State Superintendent of Education John White asked a key House panel Tuesday to revamp Gov. Bobby Jindal’s proposed operating budget and prevent Louisiana’s public school test program from being decimated.

“I know testing is not something kids love to do,” White told the House Appropriations Committee. “But it is necessary to ensure quality.”

White said exams for Common Core; ACT, an exam that measures college readiness; Advanced Placement, which allows high school students to earn college credit; and other tests are in jeopardy under the governor’s spending plan.

“I am asking you very explicitly to consider funding quality tests and not to throw our system into a state of chaos,” White said. “We need those contracts to meet our state and federal mandates.”

House Appropriations Committee Chairman Jim Fannin, R-Jonesboro, said restoring dollars for test agreements and other priorities of the state Department of Education would cost an additional $100 million.

“We have a lot of ying and yang to do before June 11,” Fannin joked, a reference to state budget-balancing efforts during the two-month session that begins on Monday.

Louisiana faces a $1.6 billion shortfall to maintain spending at current levels.

The nearly five-hour hearing on Tuesday took place amid continuing, often bitter, arguments over Common Core.

Efforts to repeal the standards in reading, writing and math are expected to be a key legislative issue.

White backs Common Core, while Jindal opposes the overhaul, as do some members of the House committee.

During one tense exchange, anti-Common Core state Rep. J. Rogers Pope, R-Denham Springs, challenged what he called unfair comments by White and state Board of Elementary and Secondary Education President Chas Roemer that suggested parents and other opponents are outliers and extremists.

“I am an extremist, and I am an outlier,” Pope told White, with Roemer sitting a few rows behind.

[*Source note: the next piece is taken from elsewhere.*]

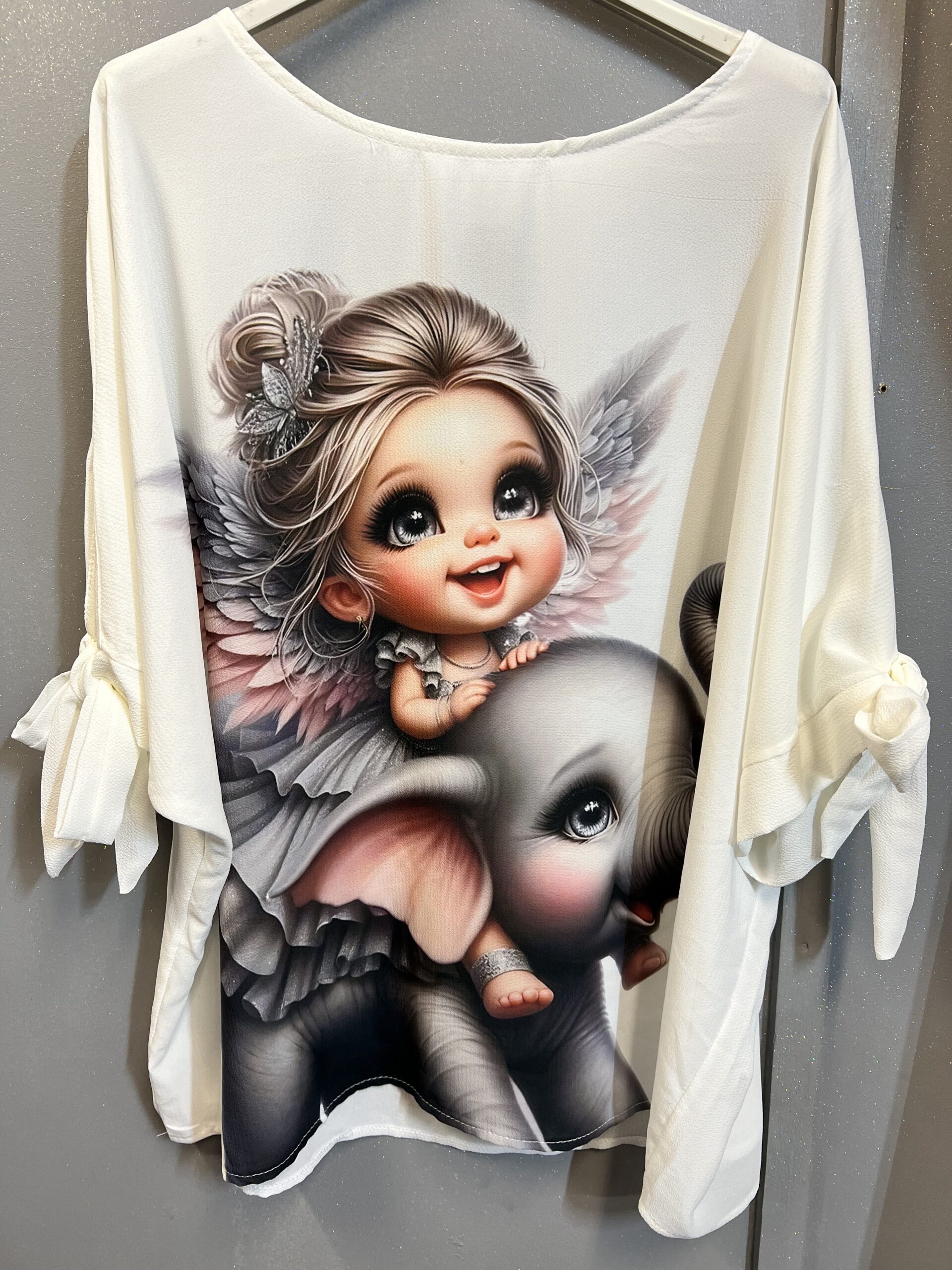 Bluzka na krótki rękaw, wiązany na końcu mankietów w kolorze eleganckiej bieli. Przód bardzo ładnie zdobiony kolorowym motywem wesołej dziewczynki ze skrzydłami, siedzącej na słoniu , oraz gładki tył. Bluzka świetnie pasująca do spodni oraz spódnicy.

“And I could be called an extremist outlier,” Pope said, adding that the pair should be cautious about labeling anti-Common Core parents.

White said he has made no such comments and that it was the G overnor’s Office that accused him of doing so.

“There is an extreme political agenda to make teachers go back and do five years of hard work,” White said after the meeting, a reference to efforts by Jindal and others to scrap the standards and write new ones.

“That has nothing to do with parents,” White said. “That’s about politicians.”

White has previously said the governor’s budget would chop test spending by nearly 50 percent.

He also has said it would force the layoff of about 100 of the state Department of Education’s roughly 300 employees.

In a prepared statement, Jindal said every state agency was asked to trim spending to be more efficient “and we believe this was a reasonable request for the department, and the superintendent has discretion where those reductions are made.

“We believe taxpayer dollars are better spent in classrooms educating children rather than in Baton Rouge at the state department,” he said.

White was questioned at length by state Rep. Brett Geymann, R-Lake Charles, a committee member and one of the Legislature’s anti-Common Core leaders.

Geymann repeatedly said that White seems to have changed his stance from last year, when Geymann said the superintendent adamantly opposed calls for the state to find new exams for the first round of Common Core tests given last month.

White said last year that the state had a contract to administer the tests already in place but that changes are possible for next year’s exams because the current contract expires on July 1.

He said that, at the direction of BESE, requests for proposals, called RFPs, for new test contracts were submitted to the Jindal administration on Tuesday.

White said test questions should be consistent with the Common Core standards educators have worked on for five years, be unique to Louisiana but allow the results to be compared to students in other states.

He said the exams should also allow for fewer higher school exams and permit parents to view sample tests in advance.